Tech

The Trans-Pacific Partnership and Intellectual Property: Not All Criticism is Equal

 

The Trans-Pacific Partnership has long been touted as the world’s first true 21st century trade agreement. At the center of this forward-looking pact is an effort to support and protect intellectual property rights, which are the bedrock of the global innovation economy.

These intellectual property policies have been a lightning rod for a lot of criticism, much of which should be dismissed.

Critics are reverting to three main reproaches to mask their underlying opposition to the broader idea of paying or getting permission to use another person’s intellectual property: first, that intellectual property has nothing to do with trade; second, that protecting intellectual property is a corporate giveaway; and third, that the new policies that have been agreed upon are an attack on free speech. All three are false.

On the first point, critics try to exploit the fact that the popular understanding of trade is still based around manufactured goods facing tariffs when crossing borders, while intellectual property is intangible and complex in nature and therefore not part of trade. But ideas are crucial to the goods and services of the future, and must be protected in the trade agreements of tomorrow, just as cutting tariffs for manufactured goods was the aim of the trade agreements of yesterday.

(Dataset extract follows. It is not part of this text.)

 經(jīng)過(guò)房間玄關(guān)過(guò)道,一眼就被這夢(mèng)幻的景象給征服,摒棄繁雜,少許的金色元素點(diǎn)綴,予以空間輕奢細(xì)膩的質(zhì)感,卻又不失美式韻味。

Indeed, modern trade requires robust protection for intellectual property because without it firms and people will be less able to sell their products and services across borders. With piracy and weak intellectual property rules, trade—an import of a good or service paid for with an export of money—by definition declines. Moreover, the knowledge and creativity required to create the goods and services exchanged in the 21st century—from smart phones, to drugs, to movies and music—is hard to come up with, but often very easy to steal or pay for at less than full market value. Without fair payment, innovation and creative output goes down.

On the second point, critics often portray intellectual property rights as a tool serving big corporations. But they forget that big corporations employ more than half of American workers, who earn 57 percent more than workers at small firms, on average. When these corporations lose sales to piracy and other intellectual property theft, yes their profits are hurt, but so too are their workers, because the firms’ sales go down. Moreover, for many small- and medium-sized firms working in sectors such as software, app design, and biotech, intangible intellectual property is their main asset and source of competitive advantage. Worldwide intellectual property rights are essential to protecting the latest business idea from small U.S. firms because many are “born global” via the Internet.

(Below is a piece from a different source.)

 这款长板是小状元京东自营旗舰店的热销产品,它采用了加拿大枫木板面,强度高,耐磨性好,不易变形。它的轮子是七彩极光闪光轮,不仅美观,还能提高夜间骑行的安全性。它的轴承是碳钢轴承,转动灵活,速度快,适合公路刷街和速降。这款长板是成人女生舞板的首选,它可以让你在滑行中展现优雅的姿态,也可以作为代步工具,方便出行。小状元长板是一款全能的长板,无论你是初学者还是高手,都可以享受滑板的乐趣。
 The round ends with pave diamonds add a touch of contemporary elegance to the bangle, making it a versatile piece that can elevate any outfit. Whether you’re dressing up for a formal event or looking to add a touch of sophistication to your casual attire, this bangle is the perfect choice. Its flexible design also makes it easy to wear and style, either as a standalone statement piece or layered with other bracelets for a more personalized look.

On the third point, critics claim the Trans-Pacific Partnership agreement is an attack on free speech, because it does not mandate the use of the U.S. “fair use” doctrine, which is how the United States defines exemptions and limitations to copyright protections for such uses as commentary, criticism, parody, news reporting, research, and scholarship. What critics ignore is that the agreement protects fair use by using the same core criteria—known as the “three step test”—that has been part of international law for decades in the Berne Convention, the Trade-Related Aspects of Intellectual Property Rights agreement, and other World Intellectual Property Organization treaties, which all parties in the TPP must join, if they have not already. In the United States, these criteria are used by judges in interpreting U.S. copyright law, while other common law countries include these same criteria as part of a “fair dealing” doctrine. Civil law countries use statutory exceptions. But everyone is working with the same set of principles.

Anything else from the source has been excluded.